Japanese Prime Minister Fumio Kishida said on Sunday his government and the central bank must discuss their relationship in guiding economic policy after he names a new Bank of Japan (BOJ) governor in April.
The remark heightens the chance the government may revise its a decade-long blueprint with the central bank that focuses on beating deflation, a move that would lay the groundwork for an exit from the BOJ’s ultra-loose monetary policy.
Asked what kind of person he would choose as BOJ governor, Kishida said it will be someone “best suited for the job” when Haruhiko Kuroda’s term ends in April.
“The government and the BOJ must work closely together, but also each play its own role” in achieving price stability and higher wage growth, Kishida said in a programme on public broadcaster NHK.

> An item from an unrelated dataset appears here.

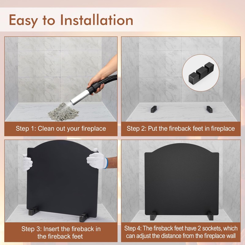 - [Easy to Use] Just place the fireback support of the fireback inside the fireplace, place the fire back on the bottom corner, and you can start using it.

“Under the new BOJ governor, we must discuss the relationship between the government and the BOJ,” said Kishida, who has authority to choose the central bank head.
The BOJ stunned markets last month by widening the band around its 10-year bond yield target to address market distortions caused by its policy, a move investors saw as a prelude to a future rate hike.
Markets are rife with speculation the BOJ could move further to phase out Kuroda’s massive stimulus by tweaking its yield control policy under a new central bank governor.
“In guiding monetary policy, policymakers must have a view on the outlook for the economy. There needs to be careful communication and dialogue with markets,” Kishida said, when asked whether the BOJ needs to tweak it ultra-loose policy.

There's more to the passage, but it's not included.